DOE’s DAC hub funding wobbles: Expect higher costs, delivery risk for net-zero plans
The US Department of Energy appears set to terminate initial $50M grants for two flagship direct air capture (DAC) hubs – 1PointFive’s South Texas project and Project Cypress (Battelle, Climeworks, Heirloom) – with roughly $500M per project potentially at stake. Even if full awards aren’t ultimately canceled, the uncertainty raises near-term costs of capital, slows project timelines, and threatens US leadership in carbon removal just as enterprises ramp purchase commitments.
Executive summary
- Delivery risk jumps: Million‑ton DAC capacity envisioned under the Bipartisan Infrastructure Law could slip, tightening supply and pushing up removal prices.
- Global competitiveness at risk: Europe, Canada, and the Middle East may capture projects, supply chains, and talent if US grants falter despite 45Q tax credits.
- Corporate exposure: Net‑zero roadmaps reliant on durable removals must diversify portfolios, harden offtakes, and plan around US policy volatility.
Market context
MIT Technology Review obtained a DOE list indicating termination of the initial $50M tranches for both hubs; each had been eligible for about $500M more. It’s unclear if full awards will be cut. “It could mean nothing… or it could mean they’re entirely cut. But the uncertainty certainly doesn’t help,” said Erin Burns of Carbon180. Climeworks stated it is “prepared for all scenarios.” Heirloom said it continues to engage with DOE. Industry groups warned cancellation would “hand a win to competitors abroad.”

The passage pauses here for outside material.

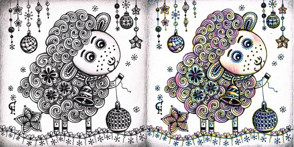 ![Новогодние открытки в стиле Зентангл]()

DAC remains capital- and energy-intensive but is central to credible net‑zero strategies and climate models. US industrial policy paired upfront grants (for first-of-a-kind risk) with 45Q credits of up to $180/ton for DAC with geologic storage. The hubs were meant to aggregate infrastructure and MRV (measurement, reporting, verification) to reach million‑ton scale per site. Pulling or pausing seed funding injects financing and permitting risk into project stacks just as corporate buyers (e.g., Microsoft, Frontier members) expand multi‑year offtakes.
Opportunity analysis
For developers and energy players, the shake-up favors modular builds, lower capex “pathfinder” phases, and siting where costs are lowest (cheap renewables, waste heat, brine handling, and Class VI well primacy). For corporates, scarcity of high‑durability tons will likely raise prices and elongate delivery windows, making blended portfolios (DAC, mineralization, biomass with CCS) prudent. For financiers, policy volatility underscores the need for blended finance structures, milestone-based disbursements, and offtake-backed project finance.

Internationally, stable grant regimes (EU Innovation Fund) and supportive tax incentives (e.g., Canada’s CCUS measures) could redirect projects, tooling, and supply chains. If US hubs slow, expect more cross-border JVs and offtakes, and talent migration to jurisdictions with clearer bankability.

Action items for leaders
- Re-baseline net‑zero roadmaps: Model a 12-24 month delay on US DAC capacity; update price and delivery curves for durable removals.
- Diversify procurement: Lock in multi‑supplier, multi‑pathway portfolios (DAC, mineralization, biomass with CCS) with milestone‑based payments and step‑in rights.
- Secure siting advantages: Prioritize projects in states with Class VI well primacy and streamlined permitting; pair with low-cost clean power or waste heat.
- Build dual-track financing: Combine 45Q, state incentives, and private capital; structure contingencies if federal grants slip. Use performance bonds and MRV-linked disbursements.
- Strengthen offtake quality: Negotiate MRV, reversals coverage, and delivery guarantees; consider indexed pricing to energy or policy changes.
- Engage policy and community: Participate in DOE reviews, comment periods, and regional coalitions to stabilize hub timelines and local support.
Bottom line: Whether this is a renegotiation or a reset, US DAC projects now carry higher timing and policy risk. Treat durable removals as a constrained asset class, finance accordingly, and move early to secure supply and cost certainty.